The most common answer would be: quit/abort. But then, what would be the reason to even deliver this signal to a process instead of just arbitrarily terminating it?

The answer is: because signals, including the SIGSEGV, are just exceptions - and it's very important for some applications to f.e. set the hardware outputs to a "safe mode" or make sure that some important data is left in consistent state before terminating the process.

There are generally 2 kinds of segfaults: caused by write or by read operations.

Segfaults caused by read operations are perfectly safe to catch and even to ignore in some cases(1).

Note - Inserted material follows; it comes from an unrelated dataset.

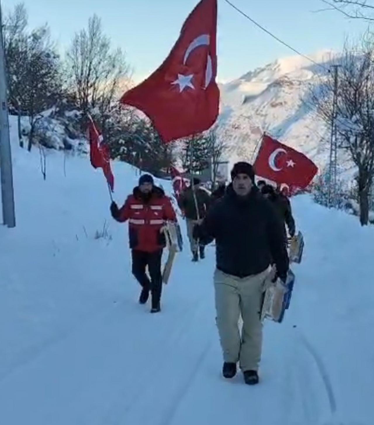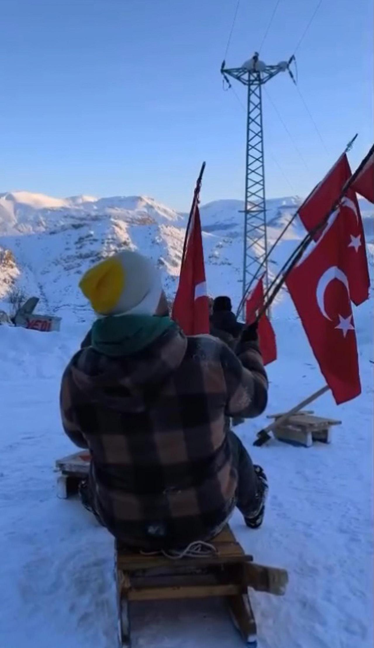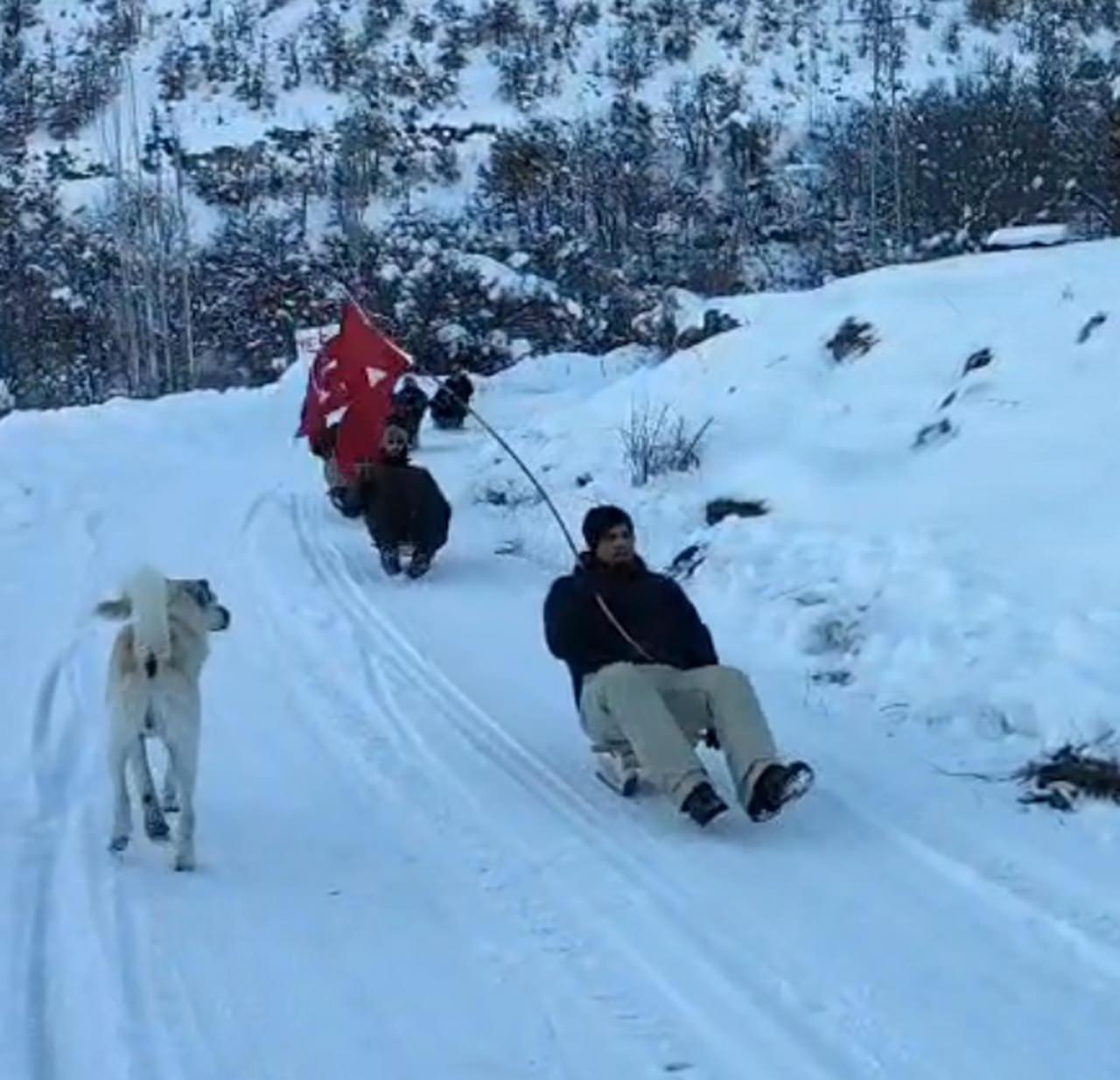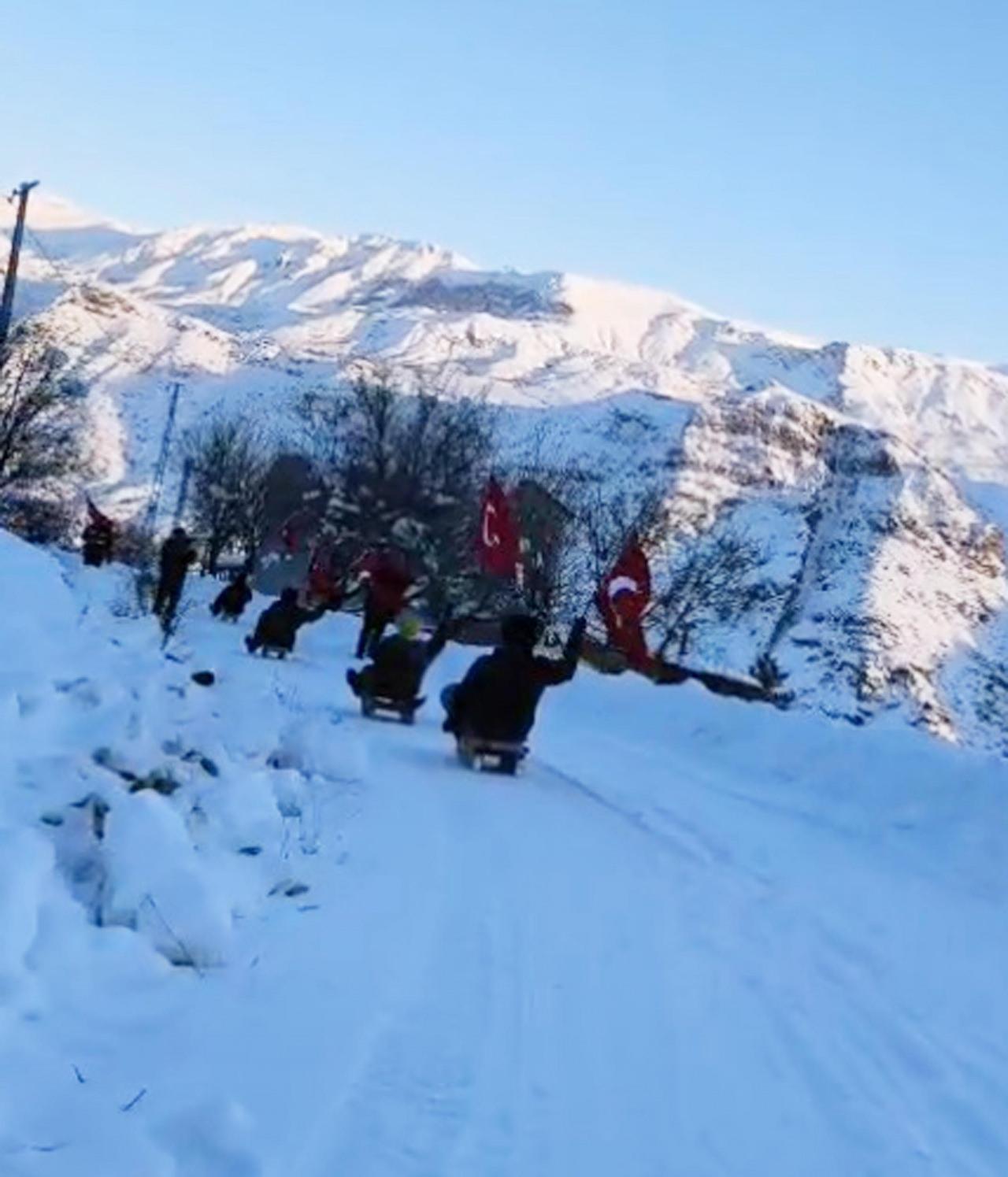 Ellerindeki bayraklarla bölgedeki tepeye tırmanan gençler, burada İstiklal Marşı okuyup, saygı duruşunda buldu. Türk bayrağını da göndere çeken grup, daha sonra yanlarında getirdikleri kızaklarla kaydı.

Failed write operations need more attention and effort to be safely processed (risk of data/memory corruption), but this is also possible (f.e. by avoiding to dynamically allocate the memory after a segfault).

The problem with "critical signals" (which are delivered to a particular thread, like SIGFPE or SIGSEGV) is that normally the program don't "know" what is the context of the signal - that is, which operation or function have triggered the signal.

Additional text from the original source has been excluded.